Вторым, точный, как часы, приходит бригадир Шрапке, из обрусевших немцев, по кличке Геббельс. Кто его назвал так и почему, никто уже не помнит. Он до рвоты пунктуален. Любит слушать радиопостановки: Ибсен, Брехт, Лопе де Вега... Но пьёт водку и беспрерывно ругается трёхэтажным матом. И как это всё может совмещаться в одном человеке? Зиночка твёрдо убеждена: случай со Шрапке исключительный. Одно из двух: или – пей, или – слушай своего неприкаянного Гамлета. Иначе это не характер, а какой-то винегрет.

Тогда в первый день Шрапке точно так же, вслед за Кузяевым пришёл. С ходу, увидав её пышные формы, поднял руку, чтобы спикировать на Зиночкин замечательный зад. И уже на подлёте к тугим полушариям, обтянутым кримпленом, сурово спросил:

- Ты знаешь, кто я, мать в ногу ё..?

Зиночка уже хотела было сказать «и хто?», но, вспомнив горькую обиду ранней пташки, Кузяева, вовремя остановилась. Посему деликатно выждала, чувствуя нервное нетерпение собеседника высказаться: шершавые фразы уже готовы были, протиснувшись сквозь ряд лошадиных зубов, выплеснуться наружу.

- Ты знаешь, что такое море, ё... в три ступени по ватерлинию? – Не дождавшись ответа, повёл речь Геббельс. – Ревущие сороковые?

Море Зиночка видела только на картине Айвазовского «Девятый вал», вернее, её уменьшенной репродукции в каком-то подарочном альбоме. После чего их, жестокого художника и вздымающиеся валы чернильного пространства, невзлюбила. Крепко. И навсегда.

- Эх, горько мне, б..., что, б..., что вы сидите тут все, крысы сухопутные, б..., и не знаете, б..., ё... в три якоря про ватерлинию, что же это такое, б...,– ползущий над горизонтом огненный шар солнца, б..., над ох...но тихим океаном. Я был капитаном на адской посудине «Сфера». Нагасаки. Кейптаун. А меж тропиками и Парамарибо, куда мы везли миткаль, консервированный горошек и учебники в помощь изучающим, б..., русский, ё... в три компаса по ватерлинию, штормило так, что мой помощник, пи...ый мужик, не удержавшись на ногах, не подстраховавшийся, упал за борт. Вечная память ему, перекушенному мгновенно акулой! Прикинь х... к носу: три метра озверелости.

До солнечного Парамарибо он довёз только учебники, о чём сильно до сих пор горевал.

Одной рукой, зажмурив глаза и вспоминая товарища, ударил Шрапке себя по груди, отчего и звук пошёл какой-то мёртвый, будто от фанеры. А другой, шаловливой, от морских авантюр державшейся всегда подальше, ещё раз попытался перейти в наступление.
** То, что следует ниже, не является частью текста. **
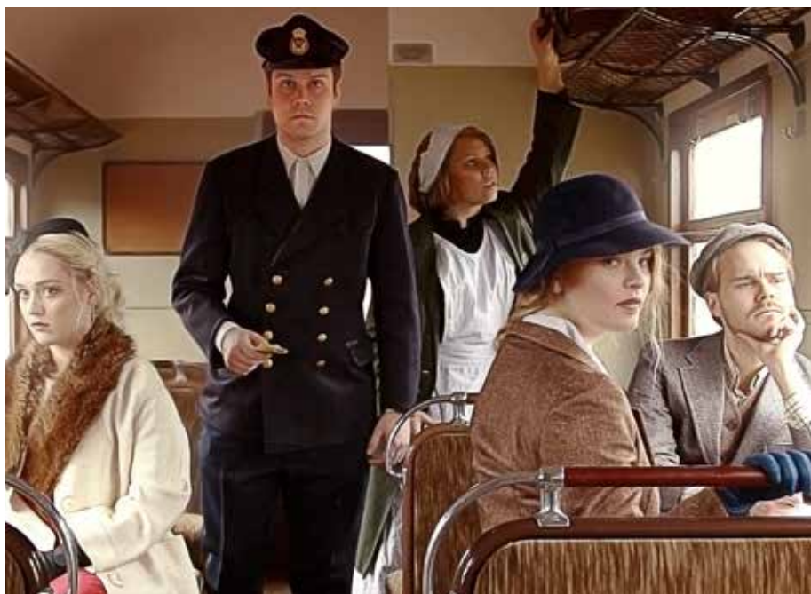
13 OKTOBER: Slutstationen – en mordgåta i tågmiljö.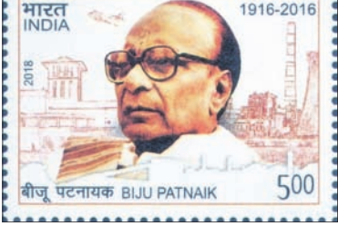
ବିଜୁ ବାବୁଙ୍କ ଉଦ୍ଦେଶ୍ୟରେ ପ୍ରଚଳିତ ପୋଷ୍ଟାଳ ଷ୍ଟାମ୍ପ।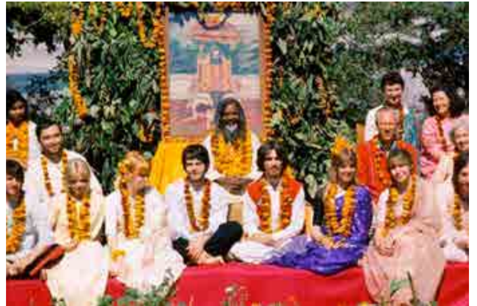
Los miembros de la banda británica estuvieron en el país asiático en 1968, acompañados del gurú Maharishi Mahesh Yogi.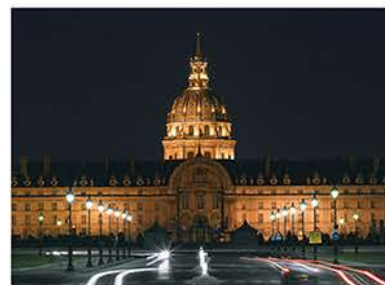
|| Congrès Civica 2017 p.23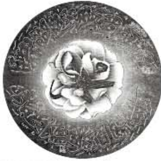
Продолжение, начало на с. 1

Но Зиночка, ловко перехватив, так крутанула её, что Шрапке едва не упал на пол.

В углу корчился от смеха Кузяев.

- Ты чё это делаешь, мать ё... тебя, послушай? – Только и сказал обескураженный бригадир, потирая плечо, моментально вспухшее.

У Зиночки была отменная реакция.

Однажды в деревне Мокшанцево поднялся переполох. Местный силач Васька Листрогонцев, чья кличка Буйвол сама за себя говорила, приволок в клуб столичный журнал. На последней странице, где печатались новости культуры и спорта, было помещено интервью с чемпионом страны по армрестлингу. С фотографии браво смотрел здоровенный детина, демонстрируя свои бицепсы. Бугры мяса, страшно надувшиеся, от перенапряжения, казалось, сейчас лопнут. Чемпион любил беф-строганов, команду «Валдай» по хоккею с мячом, неизвестную девушку по имени Марина, купание в бассейне, маму, тётю с папиной стороны, собаку Чук, рок-группу «Машина и Время» и книги о природе.

- А давайте проведём свой чемпионат, – громыхнул басом Буйвол, предвкушая, как он легко будет расправляться с противниками и как тому будет свидетелем Зиночка, которая, нечего скрывать, ему очень даже нравилась.

- А что это такое – амрельсинг? – Спросила Зиночка, вглядываясь в сытого борова на журнальном снимке. До чего же лощеная харя! Ему бы в поле пахать – вместо трактора.

- Армрестлинг, – снисходительно поправил Листрогонцев, думая, что Зиночка ему подыгрывает, – это когда двое соревнуются, чья рука сильнее. Вот так.

И он стал наглядно показывать, делая зверское лицо и размахивая перед её носом кулаком. Ать-ать-ать.

- С тобой, Буйвол, бесполезно иметь дело,– сказал кто-то из полутёмного угла. – Калекой станешь.

- Мужики, тут главное не сила, а тактика, – возразил невесть как затесавшийся тут, среди молодых, пятидесятилетний механизатор Пахомыч, дальний Зиночкин родственник. – А тактика – это быстрота, ловкость и отменная реакция.

Зиночка с интересом наблюдала, как Буйвол расправляется с противниками. Он с грохотом припечатывал к шероховатой поверхности стола очередную руку и, приторно улыбаясь, спрашивал проигравшего – вроде бы с сочувствием:

- Не больно?

- А давай со мной, – предложила Зиночка, садясь на освободившееся место.

Буйвол растерялся и попытался объяснить ей, что «по отношению к бабам... пардон, женщинам он свою силу не употребляет».

- Испугался, Васёк, – досадливо поморщилась Зиночка, констатируя факт. Но после того вдруг вскинула голову и одновременно игриво и влюблённо, будто предлагая себя, посмотрела на Буйвола.

- Я? – Взревел он, растворяясь в Зиночкином горячем взгляде. – Давай, чего уж там.

Голос его к концу фразы стал каким-то покорным, умиротворённым. Шелковистым...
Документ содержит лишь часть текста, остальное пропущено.